Comedic Dynamics - Analyzing Segmentation, Offense and Thematic Patterns in Stand Up Comedy Transcripts 🎭
This project aims to enhance the transparency and safety of stand-up comedy by analyzing thematic patterns and sentiments within comedy specials. Utilizing NLP techniques such as topic modeling and sentiment analysis, we identify dominant themes and polarity scores, helping creators to better frame their content disclaimers.
The project examines stand-up comedy specials, focusing on controversial topics like race, ethnicity, and politics, which often lead to public debates. We aim to understand these thematic patterns and sentiments to propose improved content disclaimers, fostering a safer viewing experience.
Our approach leverages Topic Modeling to uncover hidden thematic structures and Offense Analysis in Comedy to understand potentially harmful effects of humor. Techniques include Latent Dirichlet Allocation (LDA) and Non-negative Matrix Factorization (NMF) to identify topics and sentiments within comedy transcripts.
- Corpus Extraction: Extracted from "Scraps from the Loft" using BeautifulSoup, covering over 450 transcripts in English.
- Text Preprocessing: Involves cleaning text, language identification, tokenization, and Parts-of-Speech tagging using Python libraries.
- Offense and Subjectivity Analysis: Employing the VADER and TextBlob packages for sentiment and subjectivity analysis.
- Named Entity Recognition: Using SpaCy's NLP model to identify and analyze entities within the transcripts.
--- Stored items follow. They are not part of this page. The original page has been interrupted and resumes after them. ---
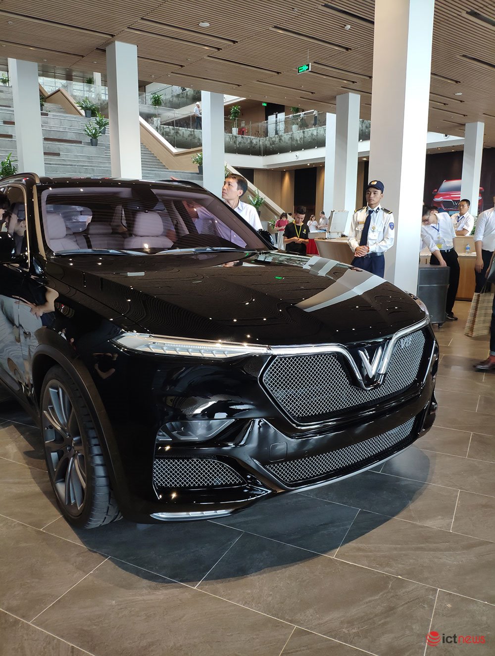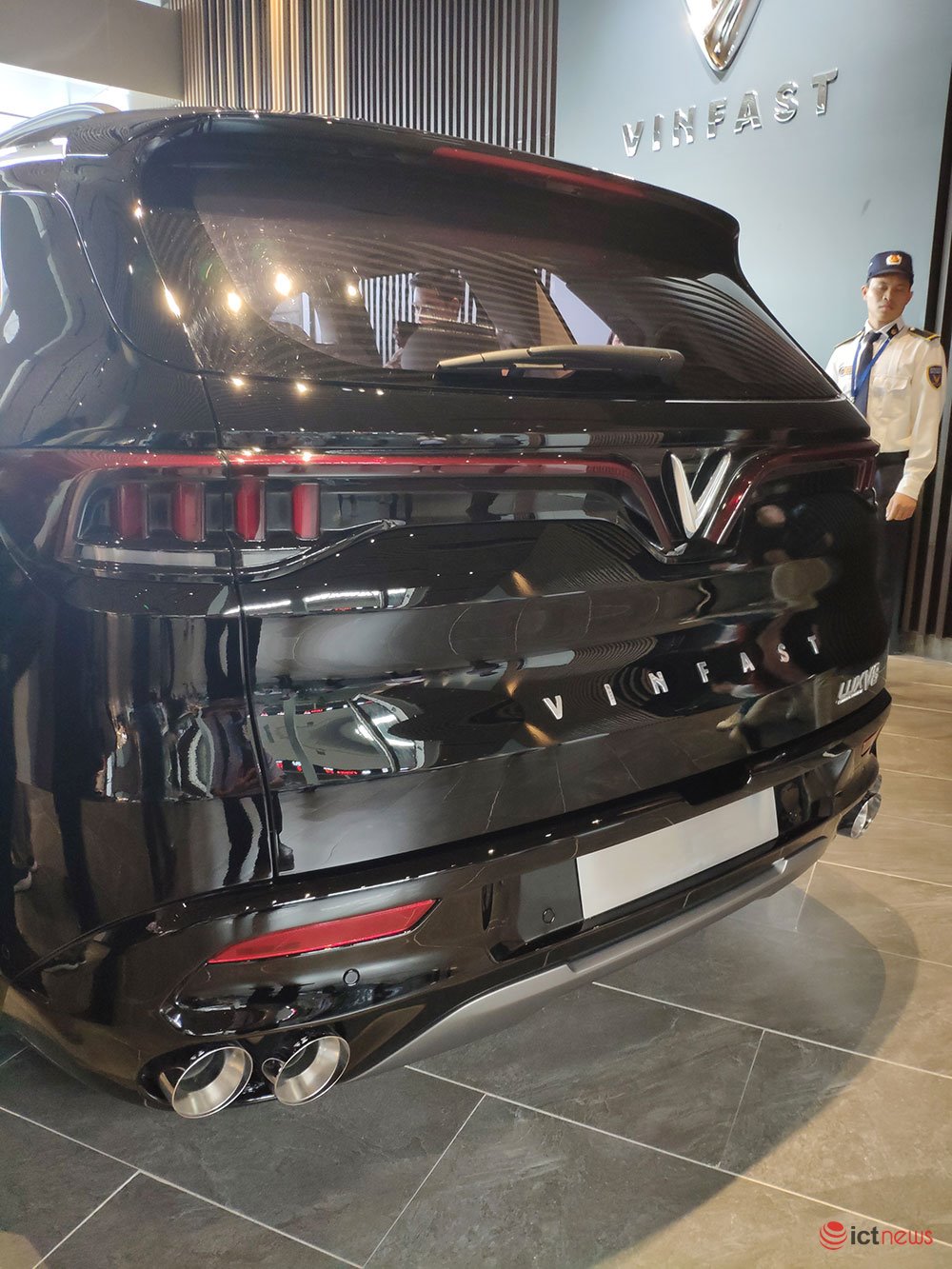 Chiếc SUV Lux V8 tại tổ hợp nhà máy VinFast giống như hình ảnh mẫu xe đã lộ diện vài ngày trước đó trong sự kiện nội bộ của hãng.
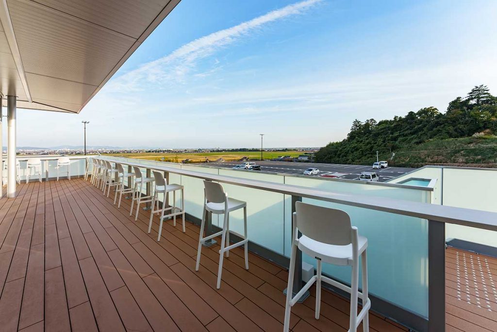 展望デッキでは、ブルーインパルスの訓練飛行を見ながらおいしいご飯を食べることもできます。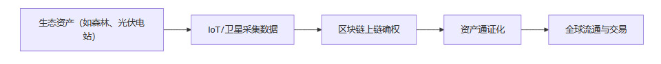 RWA的第一步是实现绿色资产的数字化确权。通过物联网(IoT)设备、卫星遥感、区块链等技术,实时采集森林、湿地、光伏电站等生态资产的碳排放与生态数据。区块链技术确保数据的真实性、不可篡改和全流程可追溯,为后续资产通证化和交易提供坚实基础。
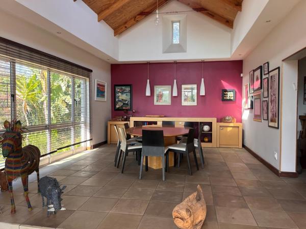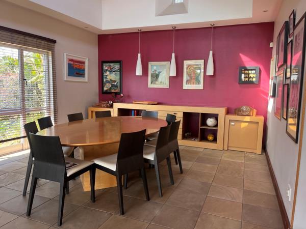Double-volume dining area opening into the landscaped garden
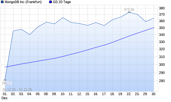 Mit dem Anstieg auf 364,55 EUR hat die MongoDB-Aktie am 30.12.2025 die 20-Tage-Linie nach oben gekreuzt.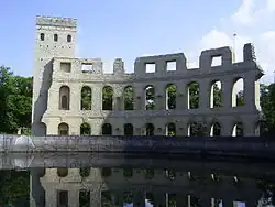 Zum Schluss wurde der Ruinenberg als Landschaftspark gestaltet, und 1845 baute Ferdinand von Arnim nach Entwürfen von Ludwig Persius einen Wartturm im normannischen Stil. Seine Hauptaufgabe war es, Aussichten zu ermöglichen. Auch das Bornimer Amtsgehöft war zu sehen. Diese Sichtachse ist jetzt durch ein Technologiezentrum verbaut. Der Turm war zugleich Zielpunkt der neubepflanzten Chaussee von Bornim und des Bornstedter Kirchenschiffs. Der Weg von Bornstedt nach Nedlitz (heute Kirschallee) wurde 1842 von Lenné auf der Ostseite mit einer Hecke und eine Lindenreihe bepflanzt.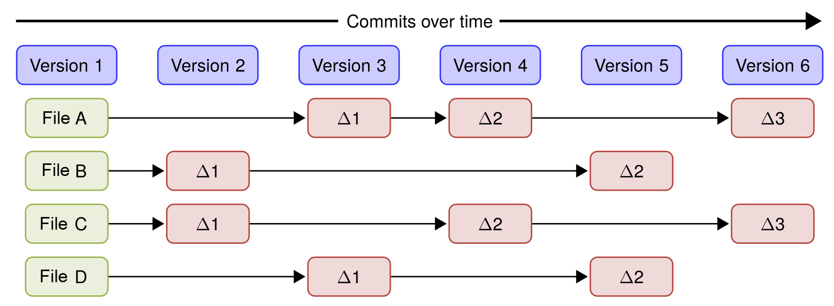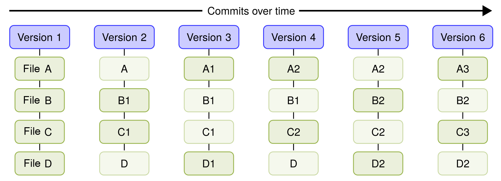 Git is different: Instead of the regular file and patches list, Git records a snapshot of all the files tracked by Git and their paths relative to the repository root---that is, the files tracked by Git in the filesystem tree. Each commit in Git records the full tree state. If a file does not change between commits, Git will not store the file again. Instead, Git stores a link to the file. This is shown in the diagram below where you see how the files will be after every commit/version.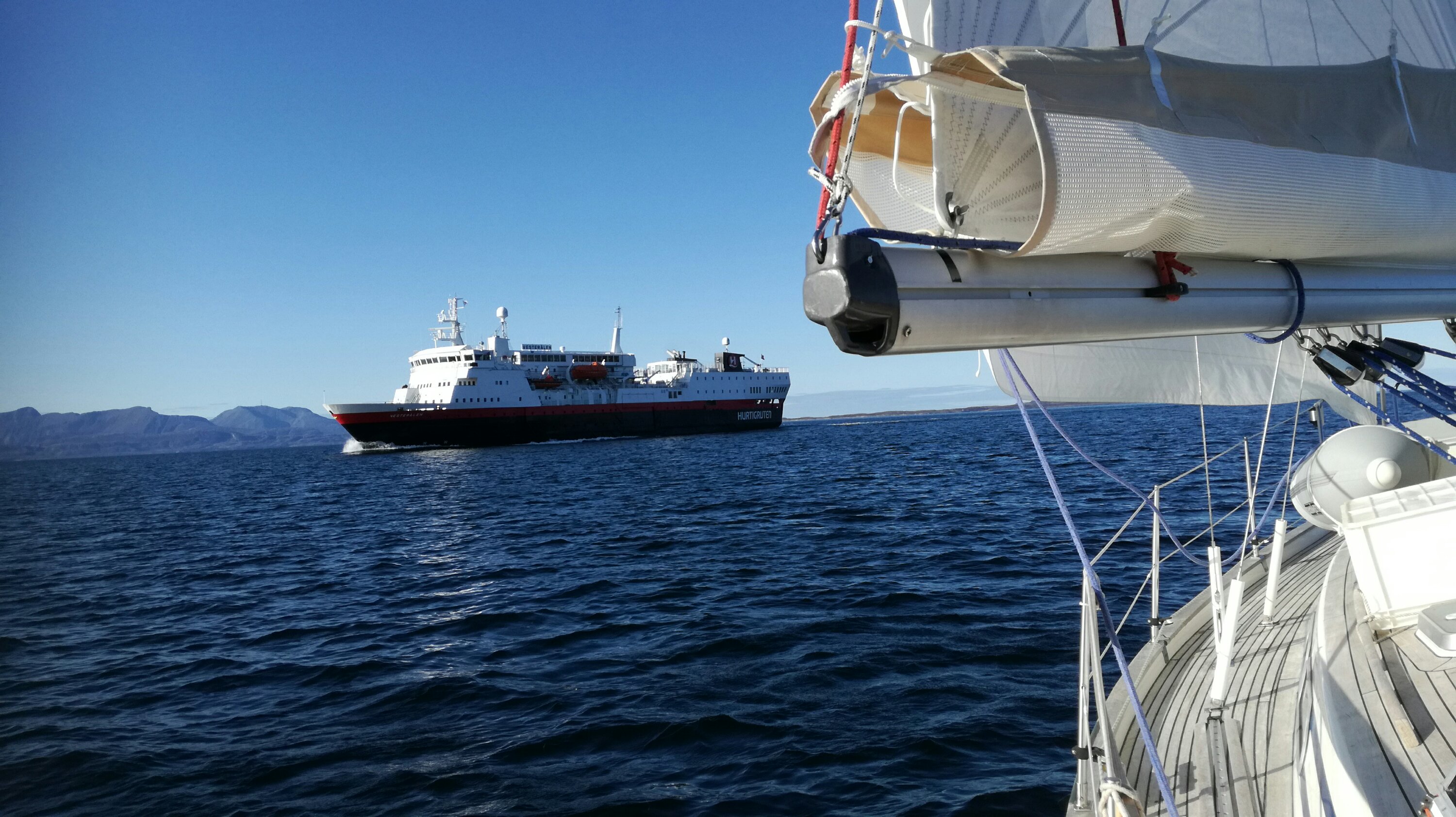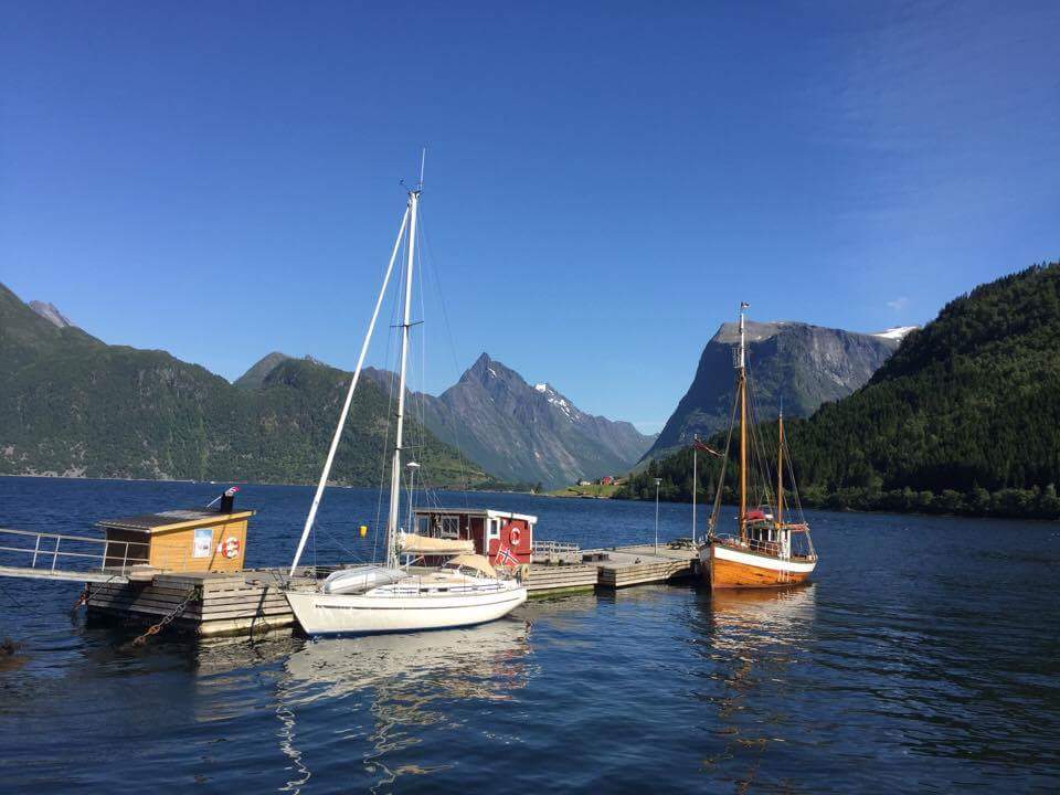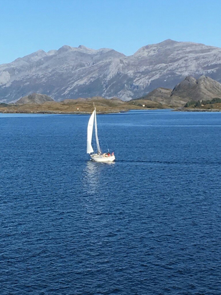 A quiet, warm morning in the marina. Our luggage was delayed when we flew to Ålesund yesterday, so we had to wait until it arrived this morning. At 11 we were out of the marina and picked up a nice SW breeze. We set both sails and are at present sailing north at 5 – 6 knots. Beautiful inshore sailing with the high mountains in the background.

- Topic Modeling: Using LDA and NMF models to identify prevalent topics, with a focus on optimizing topic coherence.
The analysis identifies relationships between sentiment polarity and subjectivity, showing different trends among comedians. Topic modeling results in distinct thematic categories such as observational, cultural, and political comedy. NMF showed better performance in topic coherence compared to LDA.
The project effectively maps out the thematic and emotional landscape of stand-up comedy, offering insights that can help tailor content disclaimers.